Weeks v. United States, 232 U. S., 383 was a case in which the Fourth Amendment to the Federal Constitution was under consideration, and in the opinion of the Court by Mr. Justice Day is found the following:

“What then is the present case?

“Before answering that inquiry specifically, it may be well by a process of exclusion to state what it is not. It is not an assertion of the right on the part of the Government, always recognized under English and American law, to search the person of the accused when legally arrested to discover and seize the fruits of evidence of crime. This right has been uniformly maintained in many cases. 1 Bishop on Criminal Procedure, Section 211; Wharton Crim, PI. & Pr., 8 Ed., 60; Dillon v. O’Brien & Davis, 16 Cox, C. C., 245. Nor is it the case of testimony offered on the trial, where the court is asked to stop and consider the illegal means by which proofs otherwise competent were obtained, of which we shall have occasion to treat later in this opinion. Nor is it the case of burglars, tools or other proofs of guilt found upon his arrest within the control of the accused.”

It is a very trite saying that two wrongs do not make a right. A wrong amounting to a trespass by an officer in making an arrest, does not cancel a crime committed by *215one accused. If the officer makes an unlawful search or arrest, the civil courts are open to the person wronged. If the person is found to be guilty of a crime, he should answer for his crime regardless of the wrong of the officer.

In no class of cases except those involving unreasonable searches and seizures has it been held to be a complete defense to a crime that a ministerial officer, proceeded in a wrongful manner to apprehend the accused.

Mahon v. Justice, 128 U. S., 700, presents a case of a defendant who had been kidnapped in one state while extradition proceedings were pending for his surrender, and forcibly taken to another state, and who sought release on the ground of his unlawful arrest, which of course was denied, as the court could find no reason for releasing a man from prosecution merely because his personal rights had been violated in the manner of his arrest. The Court say: .

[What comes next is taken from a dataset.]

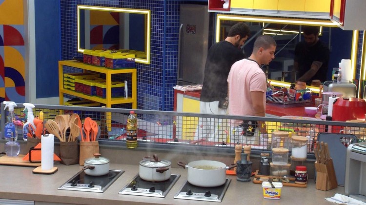 Arthur Aguiar segue para a cozinha da casa enquanto aguarda pelo Almoço do Líder. Vendo Pedro Scooby mexer nas panelas, o ator elogia o almoço preparado pelo surfista.
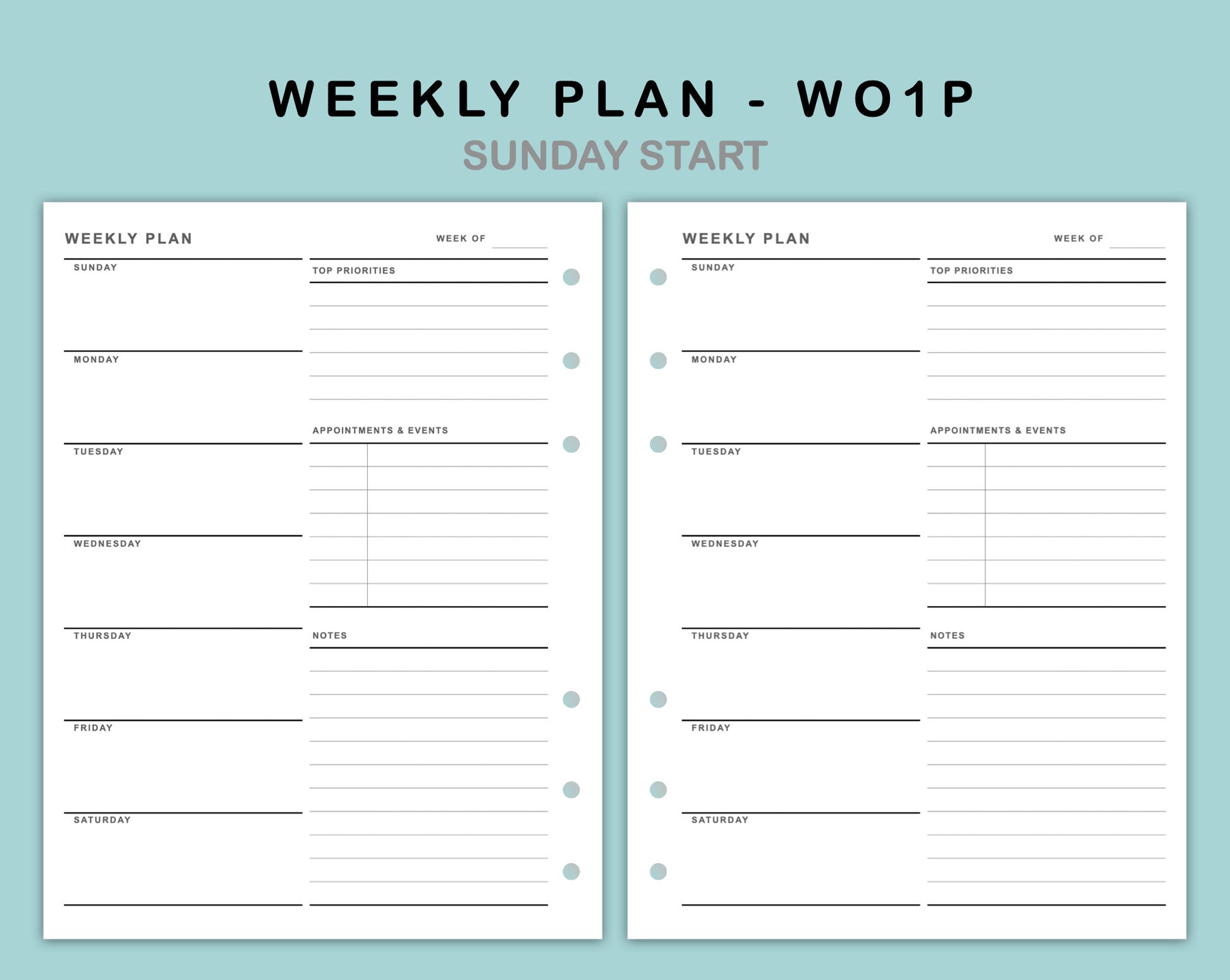 This Undated Weekly Planner Inserts (Week on 1 page) is made to help you plan and manage tasks in a week. The planner has top priorities, appointments & events, and notes section. It is available in both Monday start and Sunday start.

“A, being indicted in Kentucky for felony, escaped to West Virginia. While the Governor of West Virginia was considering an application from the' Governor of Kentucky for his surrender as a fugitive from justice, he was forcibly abducted to Kentucky, and when there was arrested by the Kentucky authorities under legál process, and put in jail, and held to answer the indictment. Held, that he was not entitled to be discharged from custody under writ of habeas corpus from the Circuit Court of the United States.”

In the opinion of the court it is said by Mr. Justice Field, page 706:

“It is true also that the accused had the right while in West Virginia, to insist that he should not be surrendered to the Governor of Kentucky by the Governor of West Virginia except in pursuance of the Acts of Congress, and that he was entitled to release from any arrest in that state not made in accordance with them; but having been subsequently arrested in Kentucky under the writs issued on the indictments against him, the question is not as to the validity of the proceedings in West Virginia, but as to the legality of his detention in Kentucky.”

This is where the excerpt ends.